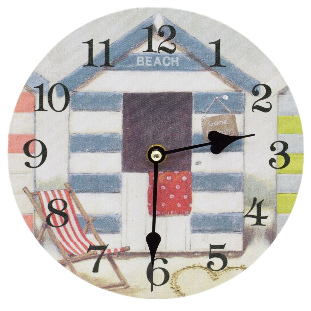 SILENT CLOCK: A fun clock for home, pool house or beach hut. The clock is produced in wood with a canvas print face complete with a quintessential beach hut, sure to make you think of the seaside every time you look at it
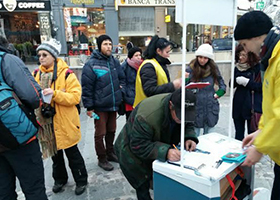 法轮功学员在罗马尼亚首都布加勒斯特市中心设立真相点,向游人展示优美舒缓的法轮功功法,揭露中共残酷迫害法轮功修炼者的罪行。
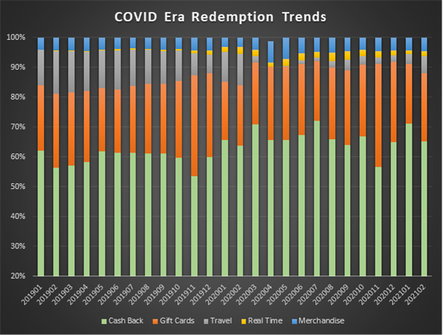 Unprecedented events came with unexpected changes. Since last year, COVID-19 has reshaped our habits on how we live, work, and shop. Undoubtedly, we see it continue to have an influence over consumer spending habits. With hospitality and travel being the most impacted industry, we have seen a significant shift in consumer earning and redeeming activity in the travel category.
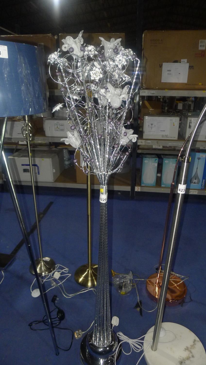 1 floor standing silver coloured lamp 240v with glass flower LED bulb holders and metal flower decorations approx 160cm high
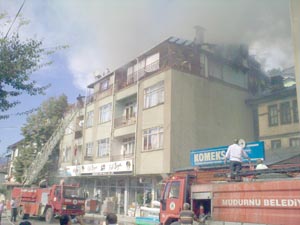 Mudurnu ilçesinde, bir apartmanın en üst katında çıkan yangın korkuttu. Yangın, itfaiyenin müdahalesiyle bir süre sonra kontrol altına alındı. Henüz çıkış nedeni belli olmayan yangında alevler kısa sürede büyüdü. Yangının büyümesi panik dolu anların yaşanmasına neden oldu. Yangına, Mudurnu Belediyesi İtfaiye ekipleri müdahale ederken, bazı vatandaşlar da evlerinin balkonunda hortumla yangına su tuttu. Bu esnada evde bulunan Huri Bozoğlu balkonda yardım feryadında bulundu. Bozoğlu'nun yardımına itfaiye ekipleri koştu. Huri Bozoğlu, itfaiye merdiveniyle aşağıya indirilirken, vatandaşlar da korku dolu gözlerle yangını izledi. Ekipler, vatandaşları yangın mahallinden uzaklaştırmada güçlük çekti. Yangınla ilgili soruşturma başlatıldı.
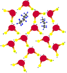de moléculas lipídicas, el agua adopta en torno a ellas una estructura
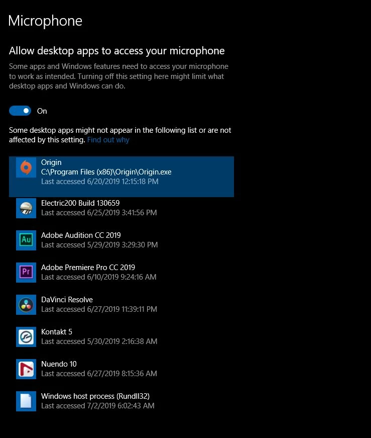 The additionnal switch for microphone access for desktop apps is now present and on.
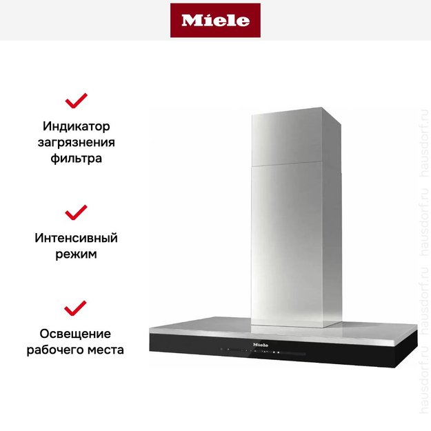 Настенная вытяжка Miele со светодиодной подсветкой и сенсорным управлением. Мощный мотор Eco обеспечивает энергоэффективную и тихую очистку воздуха.
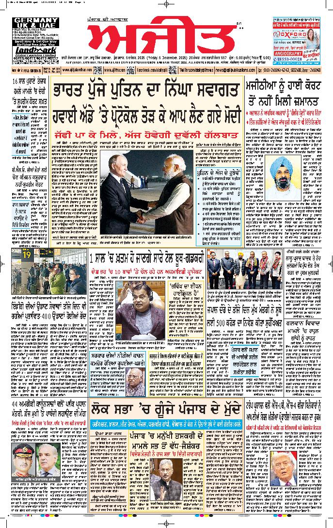ਅਜੀਤ' ਖ਼ਬਰਾਂ, 04 ਦਸੰਬਰ 2025

============

> What you will do: In the data above, the stretch from the line with "Unprecedented events came" through the line with "1 floor standing" is to be returned exactly, minus any pictures.

> Written answer:
 Unprecedented events came with unexpected changes. Since last year, COVID-19 has reshaped our habits on how we live, work, and shop. Undoubtedly, we see it continue to have an influence over consumer spending habits. With hospitality and travel being the most impacted industry, we have seen a significant shift in consumer earning and redeeming activity in the travel category.
 1 floor standing silver coloured lamp 240v with glass flower LED bulb holders and metal flower decorations approx 160cm high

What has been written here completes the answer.